Krugman’s column came two days after we had heard the following story from a friend: a few days after the November 8 election, a young man in his twenties got into a cab in New York City heading for John F. Kennedy International Airport. The cabbie asks why the young man is leaving. The student explains that he has been attending a university in New York City but his parents in Germany had called and ordered him to come home immediately. Their exact statement to him was: “leave immediately, America has fallen.”
What could cause this kind of reaction from parents in Germany? Prior to Trump’s election win, he had promised the following: to build a wall between the U.S. and Mexico; to launch mass deportations of millions of illegal immigrants; to put Muslims living in America on a registry list and ban other Muslims from entry into the country. Just a month before the election, Trump had to admit and apologize for a video showing he had said the following about his treatment of women: “And when you’re a star, they let you do it. You can do anything — grab them by the p—-.”
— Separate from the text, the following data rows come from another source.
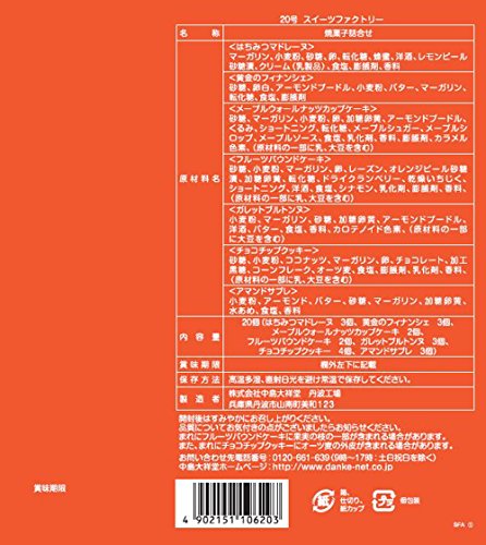 原材料:<はちみつマドレーヌ>マーガリン、小麦粉、砂糖、卵、転化糖、蜂蜜、洋酒、レモンピール砂糖漬、クリーム(乳製品)、食塩、膨脹剤、香料<黄金のフィナンシェ>砂糖、卵白、アーモンドプードル、小麦粉、バター、マーガリン、転化糖、食塩、膨脹剤<メープルウォールナッツカップケーキ>砂糖、マーガリン、小麦粉、卵、加糖卵黄、アーモンドプードル、くるみ、ショートニング、転化糖、メープルシュガー、メープルシロップ、メープルソース、食塩、乳化剤、香料、膨脹剤、カラメル色素、(原材料の一部に乳、大豆を含む)<フルーツパウンドケーキ>砂糖、小麦粉、マーガリン、卵、レーズン、オレンジピール砂糖漬、加糖卵黄、転化糖、ドライクランベリー、乾燥いちじく、ショートニング、洋酒、食塩、シナモン、乳化剤、膨脹剤、香料(原材料の一部に乳、大豆を含む)<ガレットブルトンヌ>小麦粉、マーガリン、砂糖、加糖卵黄、アーモンドプードル、洋酒、バター、食塩、香料、カロテノイド色素、(原材料の一部に大豆を含む)<チョコチップクッキー>砂糖、小麦粉、ココナッツ、マーガリン、卵、チョコレート、加工黒糖、コーンフレーク、オーツ麦、食塩、膨脹剤、乳化剤、香料、(原材料の一部に乳、大豆を含む)<アマンドサブレ>小麦粉、アーモンド、バター、砂糖、マーガリン、加糖卵黄、水あめ、食塩、香料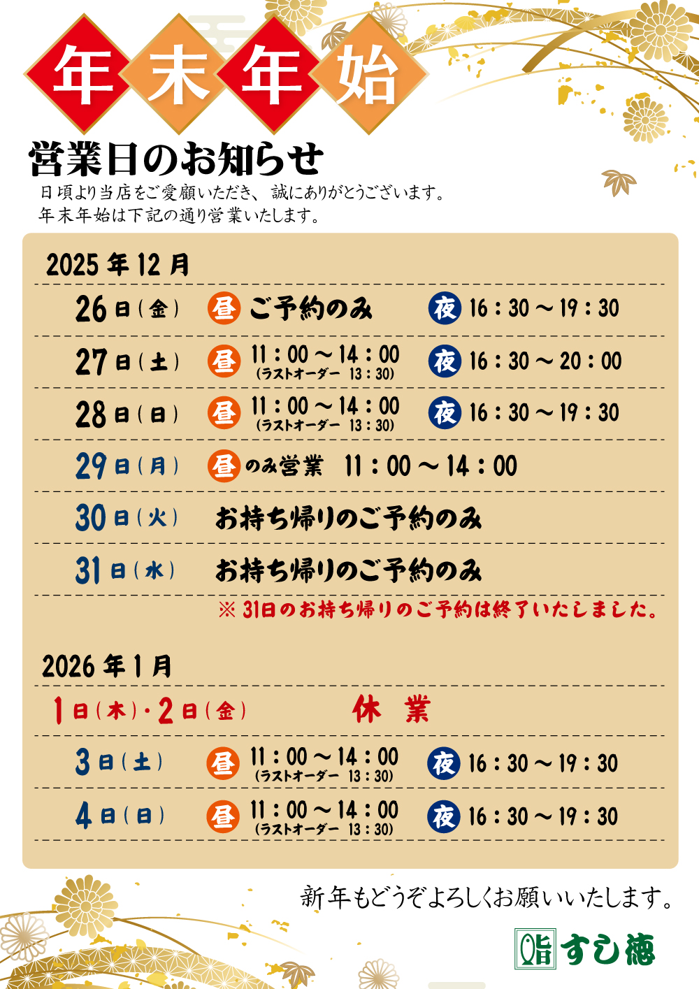 (ラストオーダー 13:30) 16:30~20:00 (ラストオーダー 19:30) ※日・祝日の営業は19:30までになります。 ※出前は19時まで承ります。 |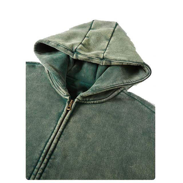 เสื้อฮู้ดดี้ผู้ชายทรงบ็อกซี่ แขนเสื้อแบบดรอปโชลเดอร์ ผ้าเฟรนช์เทอร์รี่ ตัดเย็บแบบครอป ซิปหน้า ประดับหมุดและคริสตัล น้ำหนักมาก สไตล์สตรีทแวร์ รับผลิตตามแบบ (OEM)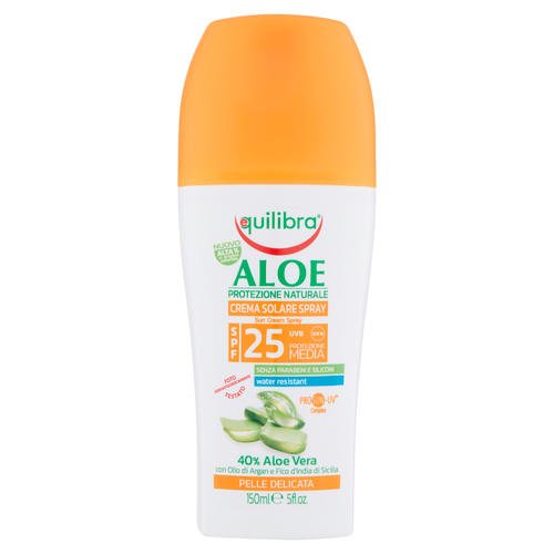Crema solare spray aloe 25 e 15, protegge la pelle dalle scottature e assicura un’abbronzatura sana e naturale. L’olio di carota e la vitamina E stimolano le naturali difese della pelle. la tollerabilità del prodotto, fototestata, è rafforzata dalla presenza della aole e dall’assenza di profumo. L’aole vera Equilibra contenuta in importanti quantità (40%), idrata, rinfresca e dona sollievo alla pelle offrendo una protezione potenziata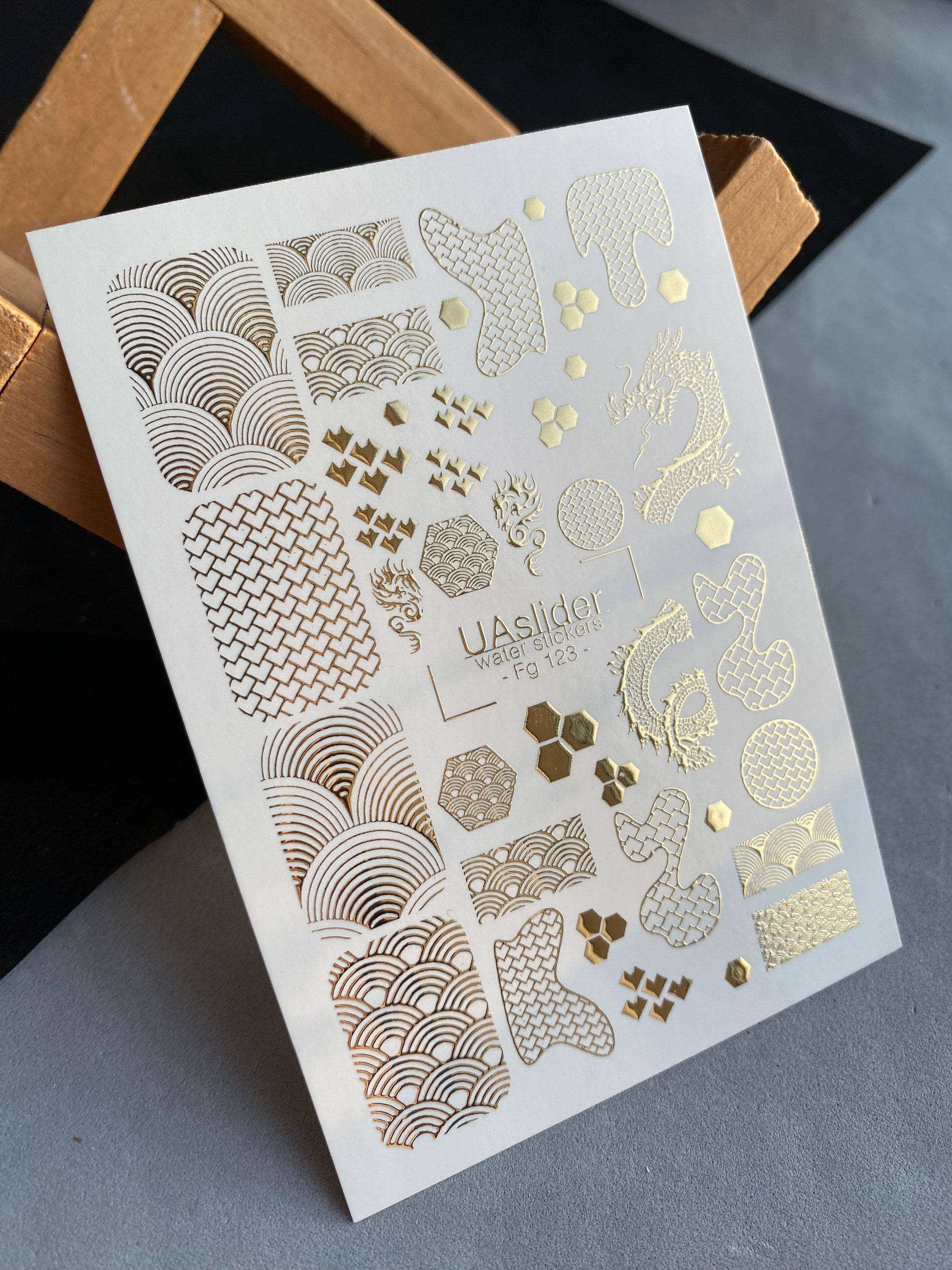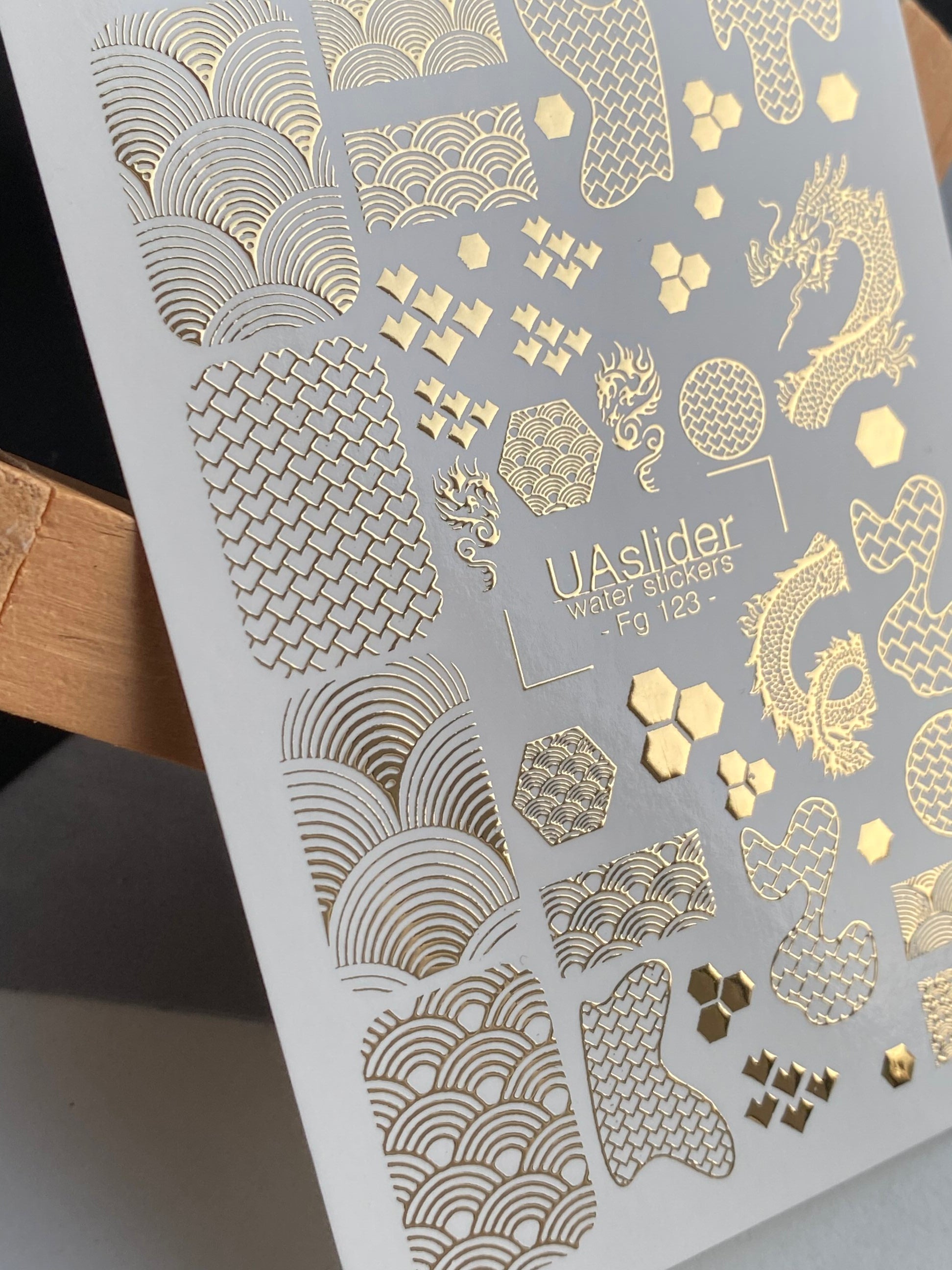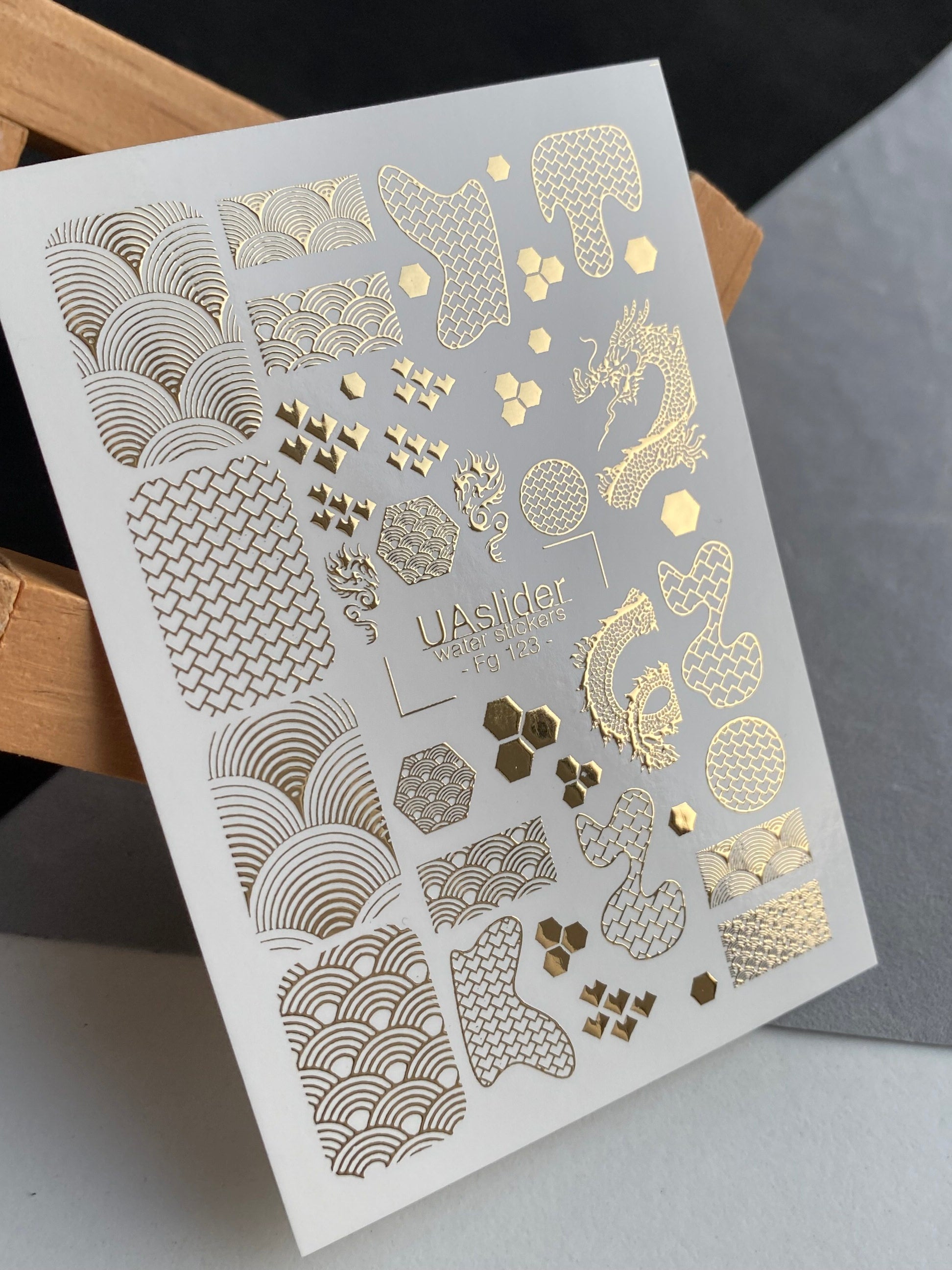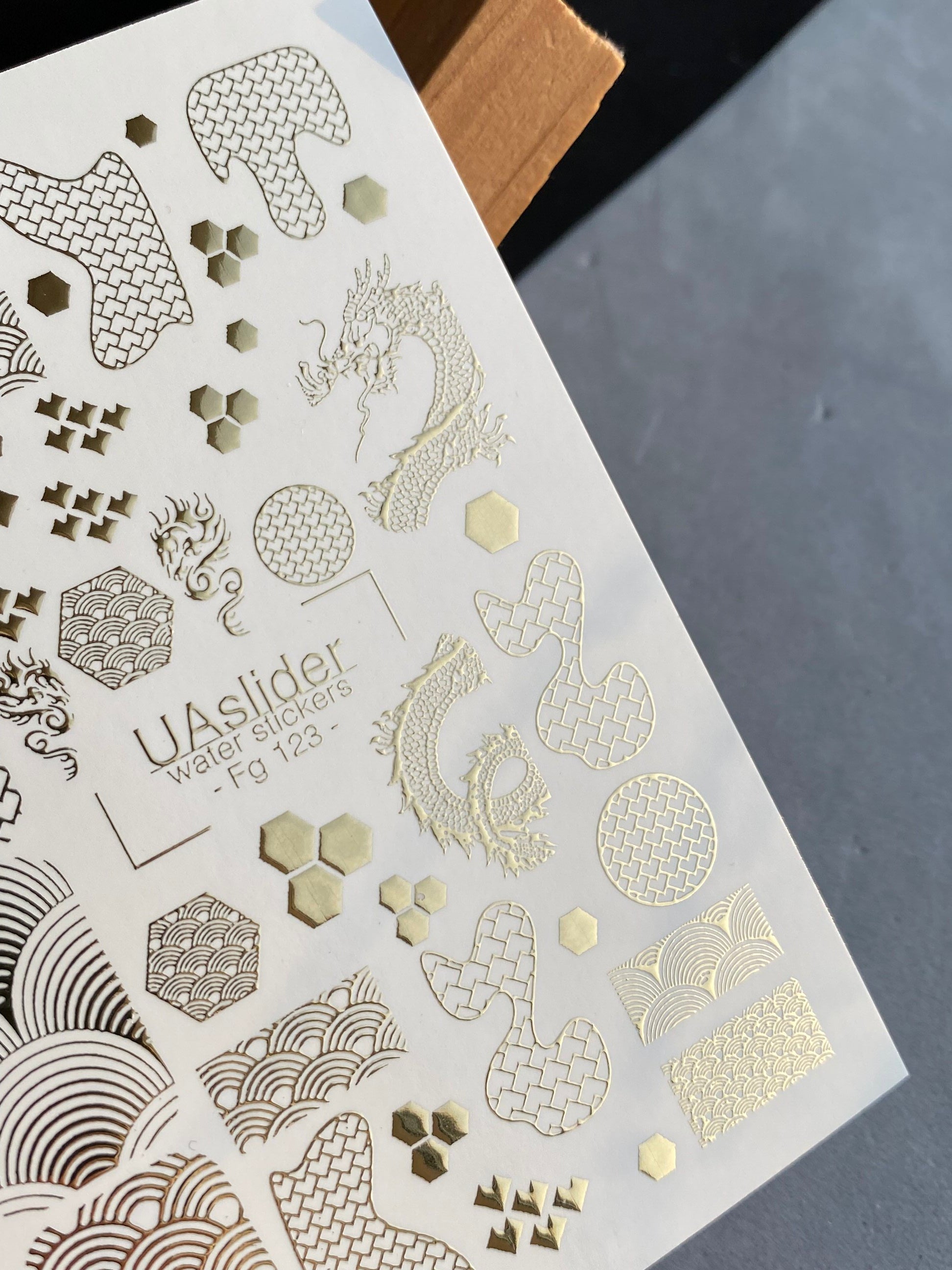 Nail Water Decal Fg-123 | Water Slide Nail Decals with Gold Asian Patterns & Dragon | Oriental StyleFg_123

To many Europeans, it felt like Americans had just elected a xenophobic man on a power trip with no respect for human rights to be Commander-in-Chief of a powerful military. It brought an instant, anxiety-producing reminder of how fascism became unbridled in Europe in the leadup to World War II.
In Krugman’s column this morning, titled “How Republics End,” he writes as follows:
“Many people are reacting to the rise of Trumpism and nativist movements in Europe by reading history — specifically, the history of the 1930s. And they are right to do so. It takes willful blindness not to see the parallels between the rise of fascism and our current political nightmare.
“But the ’30s isn’t the only era with lessons to teach us. Lately I’ve been reading a lot about the ancient world. Initially, I have to admit, I was doing it for entertainment and as a refuge from news that gets worse with each passing day. But I couldn’t help noticing the contemporary resonances of some Roman history — specifically, the tale of how the Roman Republic fell.”